I'm handing down my Droid X to my two year old to use as a media device (movies and music). It doesn't need to use phone or text messages, but does need WiFi. Looking for something that has outstanding battery life but speed isn't a necessity.

Currently running MIUI 4 and it's fantastic, but I'm wondering if there is a better setup.

Thanks for the help!


----------



## m.ksy (Nov 5, 2011)

http://rootzwiki.com/topic/39104-aokpmedia-v15-dx-21513/

http://rootzwiki.com/topic/39284-liquimedia-beta1-dx/


----------



## mr_brady (Jun 15, 2011)

m.ksy said:


> http://rootzwiki.com/topic/39104-aokpmedia-v15-dx-21513/
> http://rootzwiki.com/topic/39284-liquimedia-beta1-dx/


Thanks. Was thinking of trying those but was concerned about battery life. Do you have any experience?

Sent from my SCH-I535


----------



## m.ksy (Nov 5, 2011)

Battery life still not good as on GB ROMs but better than full version of these two ICS ROMs :grin:


----------



## themib (Sep 14, 2011)

the ics roms will get good battery life, if cdma radio is in airplane mode.

Sent from my DROIDX using Tapatalk


----------



## mr_brady (Jun 15, 2011)

themib said:


> the ics roms will get good battery life, if cdma radio is in airplane mode.
> 
> Sent from my DROIDX using Tapatalk


I noticed when I froze all phone related apps in Titanium the battery drained like crazy. When i just use airplane mode battery is good.

Sent from my SCH-I535


----------



## chiruscan (Oct 25, 2011)

A GB based one like VXL will have excellent battery life.


----------



## mr_brady (Jun 15, 2011)

chiruscan said:


> A GB based one like VXL will have excellent battery life.


That's what's on the DX now. I think the (original) battery may be going bad. It makes large jumps when charging and discharging. Entire device shows it goes from a full discharge to full charge in about 30 minutes.

Sent from my SCH-I535


----------



## DR3W5K1 (Feb 19, 2012)

mr_brady said:


> That's what's on the DX now. I think the (original) battery may be going bad. It makes large jumps when charging and discharging.

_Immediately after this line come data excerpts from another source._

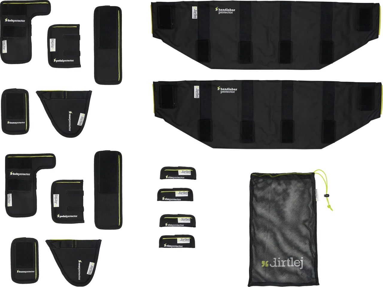 2 x Gabelschutz dirtlej2 x Hinterbauschutz dirtlej2 x Rahmenschutz dirtlej kurz2 x Rahmenschutz dirtlej lang2 x Pedalschutz dirtlej4 x Felgenschutz dirtlej2 x Lenkerschutz dirtlej1 x Netztasche
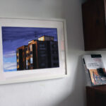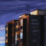 Obraz akwarelowy z dodatkiem gwaszu z roku 2024, namalowany na podstawie autorskiej fotografii. Obraz należy do cyklu Stegny, jednego z najstarszych w mojej twórczości. Cykl ten związany jest z moim Miejscem Zamieszkania. Taki tytuł nosiła moja druga wystawa z 2007 r. Był to malarski reportaż z najbliższej okolicy, miejsca codziennych obserwacji malarskich, często notowanych intuicyjnie, później dokumentowanych fotograficznie.Obraz na papierze jest formą szkicu, notatką przed namalowaniem większego obrazu sztalugowego.
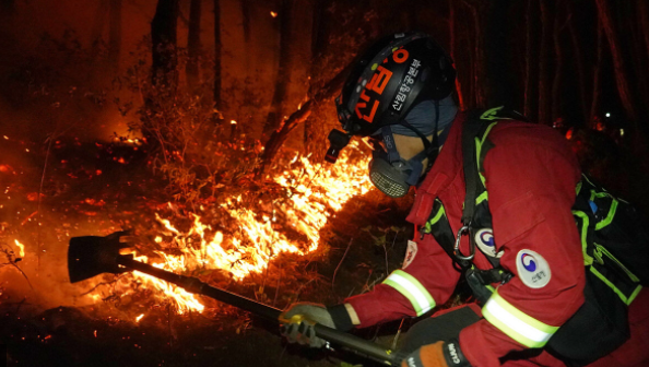 산불 확산속도가 빠르고 풍향 전환이 빨라 진화에 어려움을 겪었고
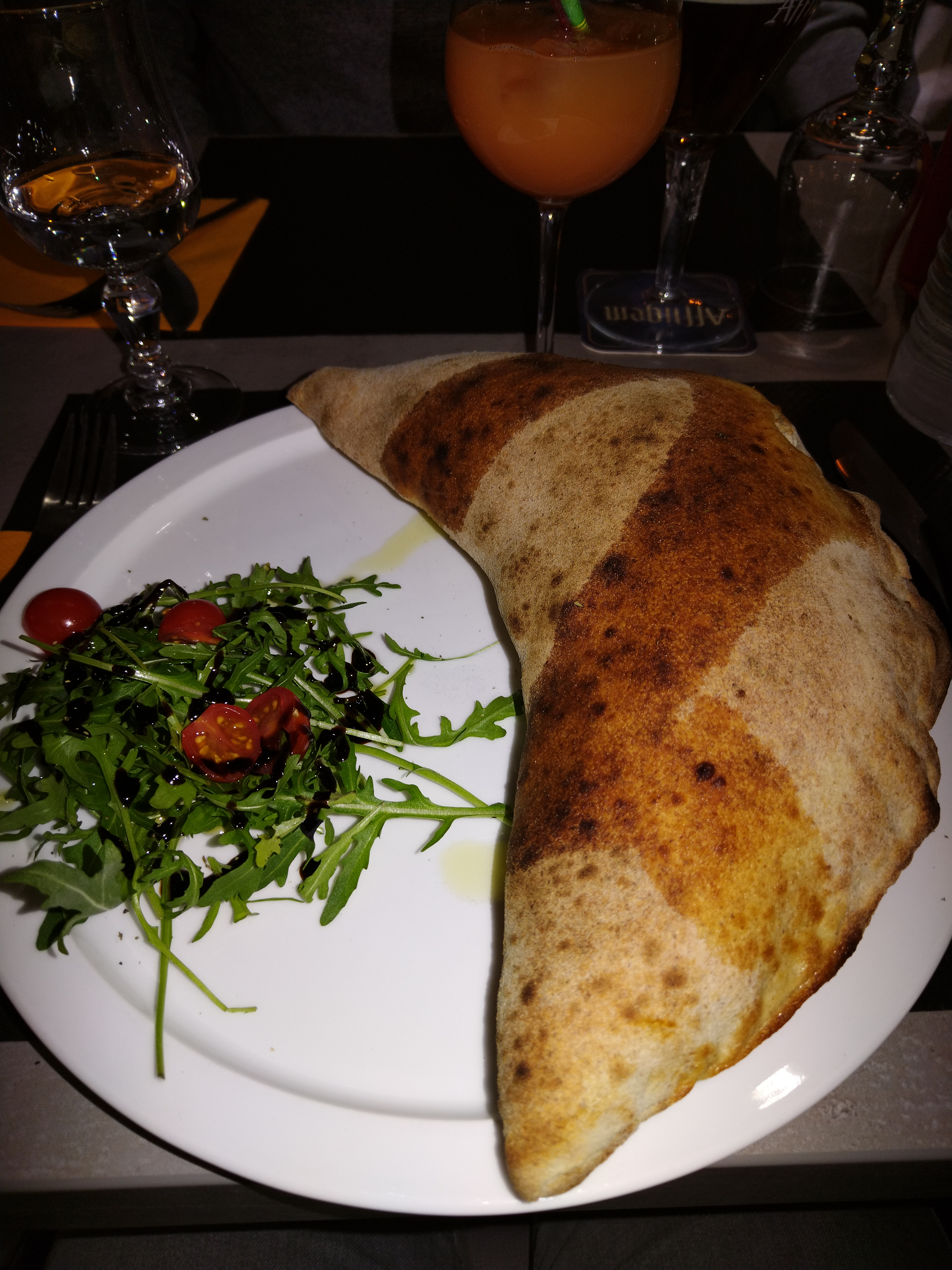 Couteau pour couper la pizza avec des dents, un peu compliqué. Et un cocktail avec du prosecco sans bulles, pas terrible... la pizza était bonne cependant et l'accueil tout à fait convenable. PS : je n'ai jamais dit que votre pizza était congelée 😆

Entire device shows it goes from a full discharge to full charge in about 30 minutes.
> 
> Sent from my SCH-I535


 Check your battery for a bulge


----------



## Oggie7797 (Oct 28, 2013)

mr_brady said:


> That's what's on the DX now. I think the (original) battery may be going bad. It makes large jumps when charging and discharging. Entire device shows it goes from a full discharge to full charge in about 30 minutes.
> 
> Sent from my SCH-I535


My battery used to have a 15-30minute battery life it was bulged and i got a new stock battery on amazon for only 8 bucks.

Sent from my DROIDX using Tapatalk


----------